Tabel 2.2 Perbedaan ileus obstruktif simple dan strangulate
(Sumber : Bickle dan Kelly, 2002)

Obstruksi Gelung Tertutup


Terjadi saat obstruksi terdapat di dua tempat. Volvulus merupakan sebab yang paling
sering dan dapat juga menyebabkan terjadinya perputaran mesenterium. Obstruksi di bagian
distal dari usus besar juga dapat menyebabkan terjadinya closed loop obstruction jika katup
ileocekal masih tersisa. Saat tekanan intralumen di segmen obstruksi meningkat, sekresi cairan ke
dalam lumen meningkat sementara absorbsinya menurun. Kepentingan klinis yang mungkin
terjadi akibat fenomena ini ialah meningkatnya resiko kejadian strangulasi. Distensi pada
obstruksi gelung tertutup terjadi sangat cepat sehingga biasanya strangulasi terjadi lebih dahulu
bahkan sebelum gejala klinis dari obstruksi tampak jelas.
Obstruksi Parsial Intestinal
Pada obstruksi parsial, lumen tak sepenuhnya tersumbat. Adhesi merupakan penyebab
tersering dari gangguan ini dan jarang sekali mengakibatkan terjadinya strangulasi.

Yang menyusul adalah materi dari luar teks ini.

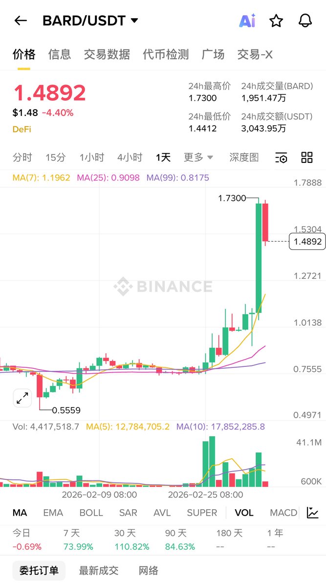 0.55 ➡️ 1.73 3倍的涨幅 发生了什么? 如果大家看日K,就能发现Lombard的 BARD在0.8左右很坚挺 即使是BTC和大盘再跌也没有出现萎靡不振的状态 如果大家去对比一下同期的其他BTC生态项目😂 应该不用看了,都是一路向下 外面所有的龙头,都是项目自己给的 只有Lombard是社区和价格支撑共同给的 龙头从来不是靠嘴上说 而是靠社区的共识和币价值的共同反应 BTC生态,目前只有 $BARD 做到了

Obstruksi
parsial kronis dapat menyebabkan terjadinya penebalan dinding intestinal akibat hipertrofi otot.
Perpanjangan waktu kontraksi dan peningkatan kelompok kontraksi merupakan karakteristik
yang dapat ditemukan. Kelainan motoris ini dan kemungkinan berhubungan dengan pertumbuhan
bakteri dapat menyebabkan terjadinya malabsorbsi, distensi dan diare sekretorik.
Obstruksi kolon
Patofisiologi terjadinya obstruksi pada kolon berbeda dengan intestinal. Kolon khususnya
yang bagian distal memiliki kemampuan yang terbatas pada absorbsi. Akumulasi Cairan dan gas
di kolon terjadi lebih lambat karena posisinya yang berada paling distal dari saluran pencernaan
dan karena sebagian besar cairan telah diabsorbsi di usus halus. Distensi yang terjadi secara
perlahan ini memungkinkan kolon untuk beradaptasi dan dekompresi dapat terjadi karena katup
ileocecal yang inkompeten. Seperti disebutkan sebelumnya, katup ileocecal yang kompeten dapat
menyebabkan terjadinya closed loop obstruction. Dilatasi cecal dan penipisan dinding cecum
akibat penambahan diameter dapat meningkatkan resiko terjadinya rupture. Rupture dapat
disebabkan oleh iskemia yang terjadi pada dinding kolon, diastasis dari lapisan otot, ataupun
karena invasi bakteri di dinding kolon. Obstruksi kolon berakibat pada motilitas abnormal namun
tidak hiperperistaltik.

Tabel 2.3. Perbedaan ileus obstruktif usus halus dan usus besar
(Sumber : Bickle dan Kelly, 2002)

E. Klasifikasi
Berdasarkan penyebabnya ileus obstruktif dibedakan menjadi tiga kelompok (Yates, 2004) :
a. Lesi-lesi intraluminal, misalnya fekalit, benda asing, bezoar, batu empedu.
b. Lesi-lesi intramural, misalnya malignansi atau inflamasi.
c. Lesi-lesi ekstramural, misalnya adhesi, hernia, volvulus atau intususepsi.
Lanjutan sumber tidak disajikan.